Événement de corps et avènement de sens

Aicha Ben Miled, psychologue clinicienne, psychanalyste.

« Événement de corps et avènement de sens »

« Bassiano est un jeune vénitien. Il est amoureux de Portia, une riche et belle héritière de Belmont. Criblé de dettes et ayant dilapidé sa fortune il demande à son ami Antonio de lui prêter de l’argent. Mais celui-ci est un marchand dont toute la richesse est sur la mer, il ne peut donc disposer sur le champ de liquidités.

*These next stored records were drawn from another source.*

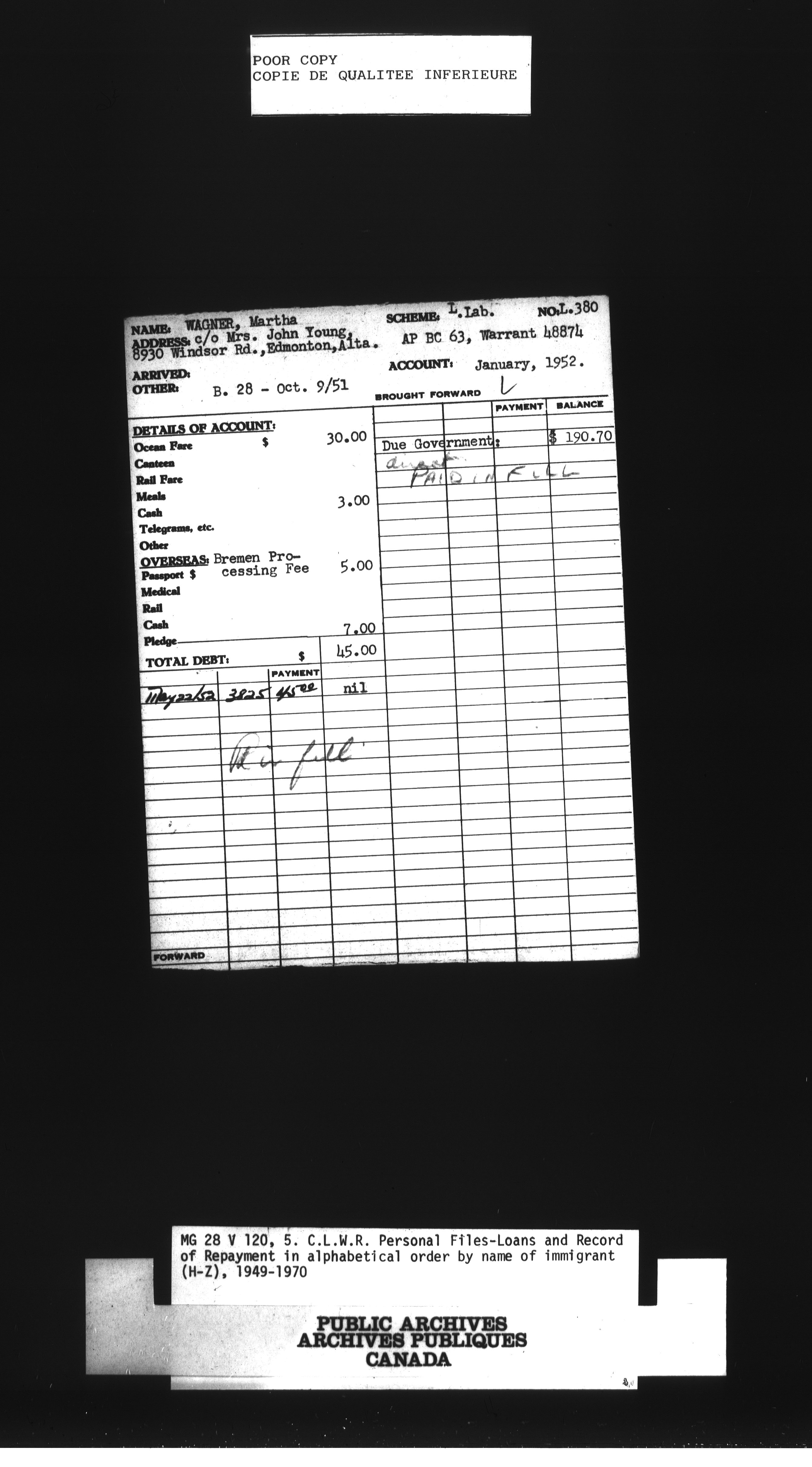 Canadian Lutheran World Relief personnel files, loans and record of repayment in alphabetical order by name of immigrantCanadian Christian Council for resettlement of refugees, boat financial statements - 1389
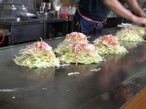 このお店は、自分で焼かず、調理場の大きな鉄板で豪快に焼いてくれます。
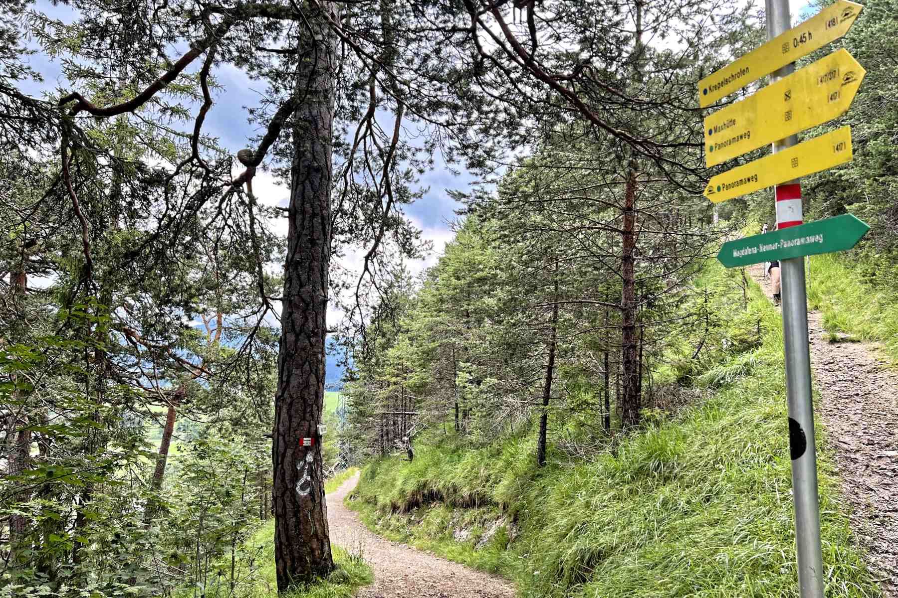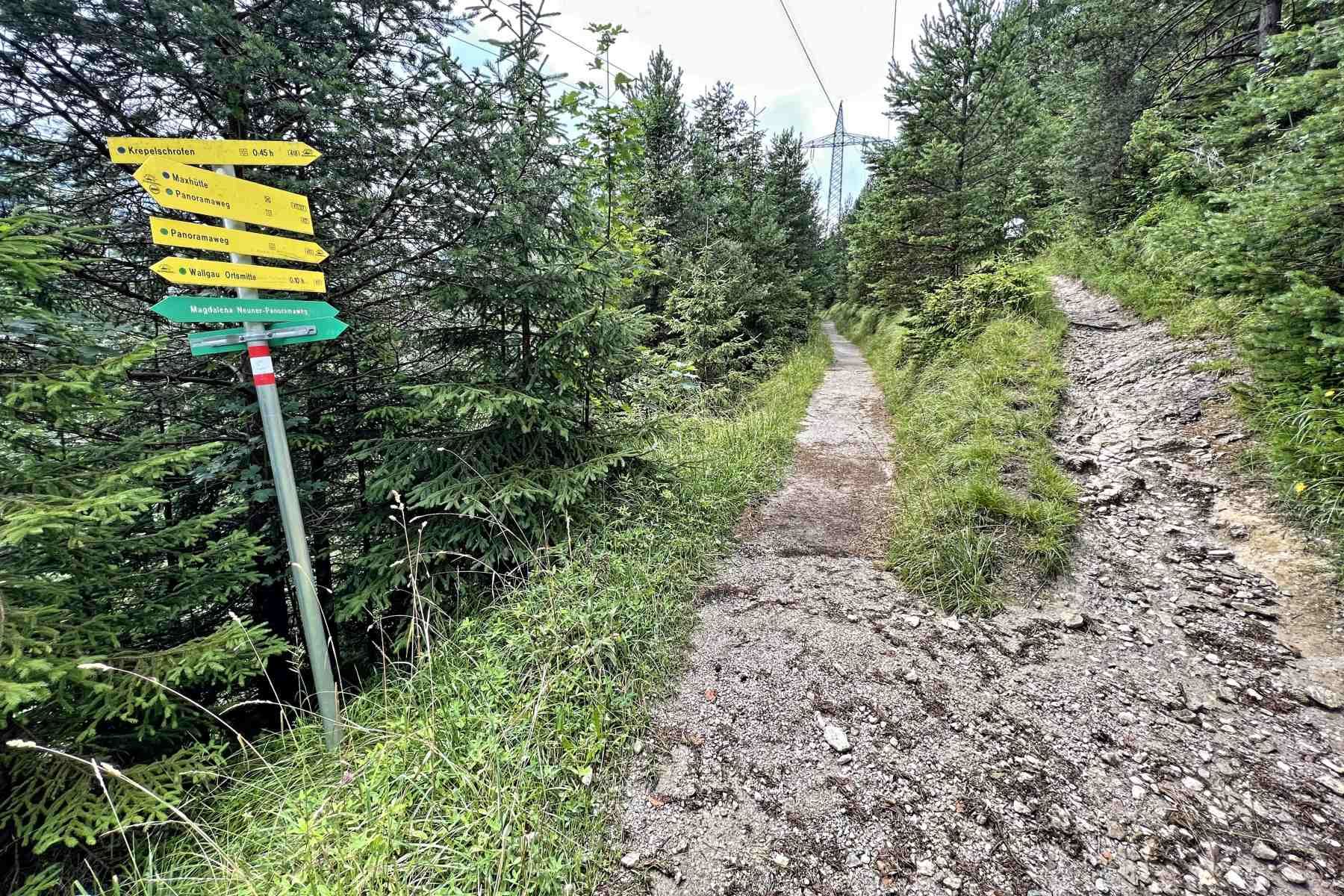 Von der Bushaltestelle führt uns ein Asphaltweg (vorbei an der Heizung/Sanitärwerkstatt) in den Wald. Nach einen kurzen Stück erreichen wir den informativen Magdalena-Neuner-Panorama Weg. Wir gehen nun nach links in Richtung Krepelschofen. Der nun folgende Pfad führt fast höhengleich bis zum nächsten Abzweig, den wir nach etwa 15 min ab Start Bushaltestelle erreichen. Wir gehen hier rechts auf dem Weg 418 zum Gipfel des Krepelschrofen. Der schmale Weg ist stark ansteigend und am Gipfel werden wir mit einer einmaligen Aussicht auf das Isartal, Soierngebirge und Karwendel belohnt.
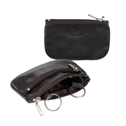 In het hoofdvak van deze sleuteletui zitten 2 ringen om sleutels aan te bevestigen. De ene ring zit links, de andere rechts in de etui. Dit hoofdvak wordt met een rits afgesloten. Op de voorkant van de sleuteletui zit een opbergvak wat wordt afgesloten met een rits. Voor een pasje is dit voorste ritsvak net iets te klein. Je kunt er bijvoorbeeld wel wat geld in opbergen. Je hoeft dan niet op stap met een grote portemonnee maar gewoon met je mooie en vooral erg praktische sleutelmapje. Wat deze sleuteletui afmaakt is het logo van het merk dR Amsterdam. Dit logo is in het leer van de achterzijde van de sleuteletui gedrukt. Of wel een super mooie sleuteletui. Mooie, goede kwaliteit, mooi leer, praktisch en dat allemaal voor een uitstekende prijs.
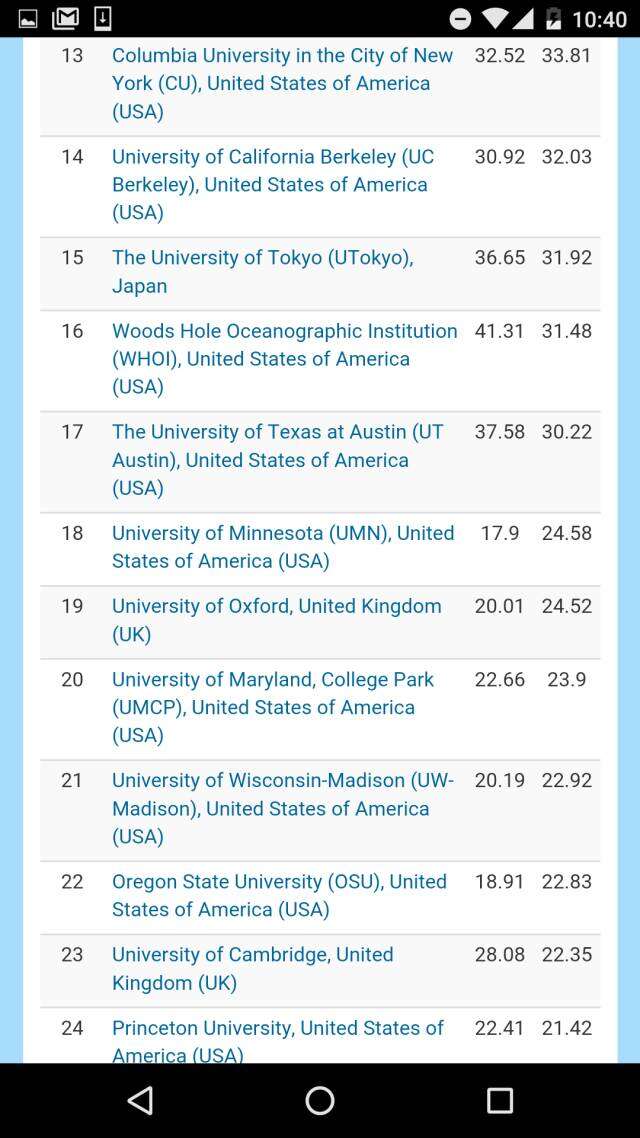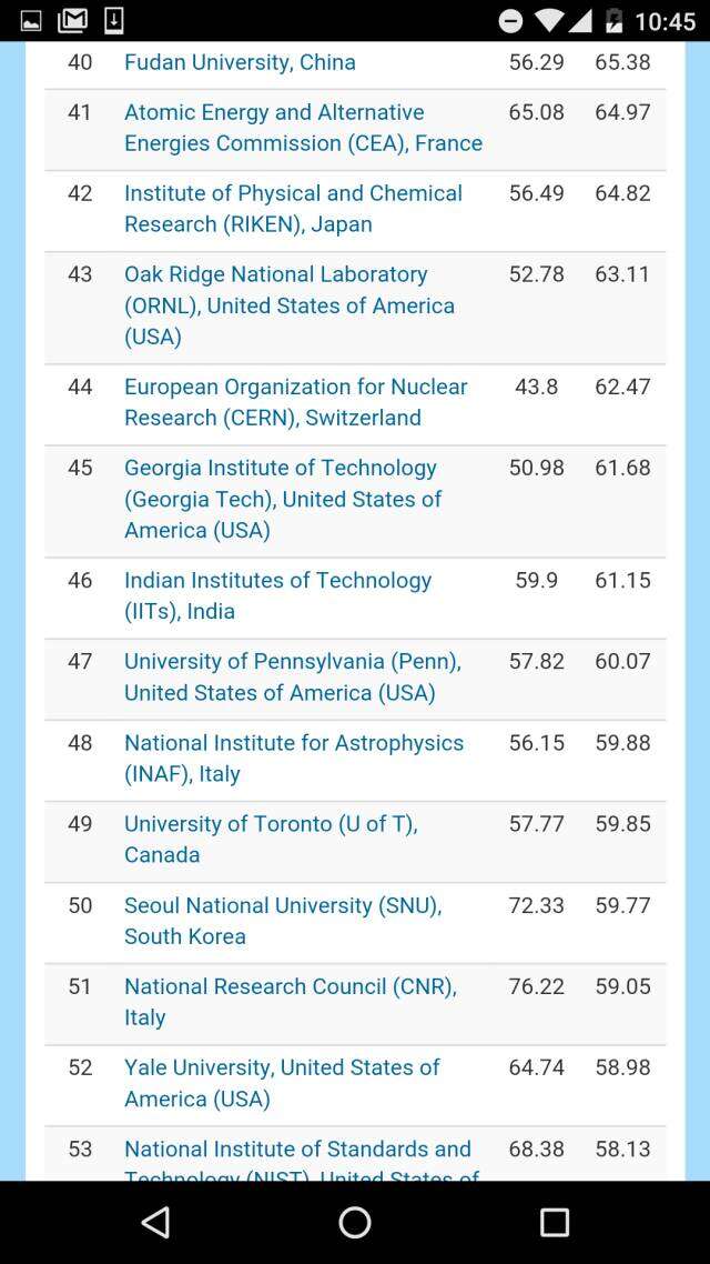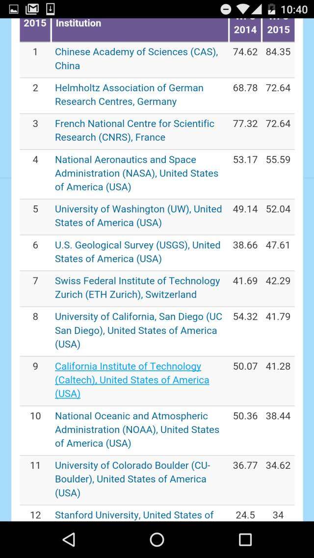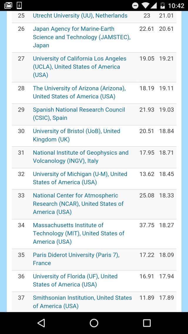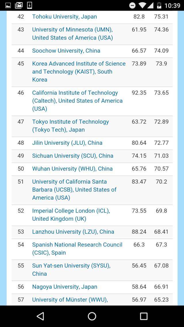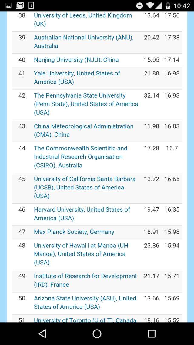 与化学比,中国地球与环境科学相对薄弱。除中科院第一之外,排名最高的是第40南京大学、第43中国气象局。上榜的中国机构还有南京信息工程大学、中国地震局、中国地质大学、国家海洋局、和中国科大。

Bassiano, sur les conseils de son ami qui se portera garant, emprunte alors au juif Shylock la somme de trois mille ducats pour trois mois. Antonio qui refuse de verser un intérêt pour ce prêt accepte la proposition de Shylock de lui donner un livre de sa propre chair (prélevée tout près du cœur) en cas de non-remboursement à la date et au lieu prévus. Mais Bassiano apprend que tous les bateaux d’Antonio ont fait naufrage et que celui-ci n’a pu rembourser à temps son créancier qui réclame son dû, une livre de chair de son débiteur. Un avocat nommé «Balthazar» arrive alors, qui est en fait Portia déguisée. Portia essaie de convaincre Shylock de montrer de la miséricorde, mais il refuse, alors elle tente une autre tactique : elle lui démontre que si le contrat stipule une livre de chair, cela ne prend pas de dispositions pour le sang. Si Shylock peut obtenir la livre de chair sans renverser le sang d’Antonio, il peut l’avoir. Ce qui est bien sûr impossible. »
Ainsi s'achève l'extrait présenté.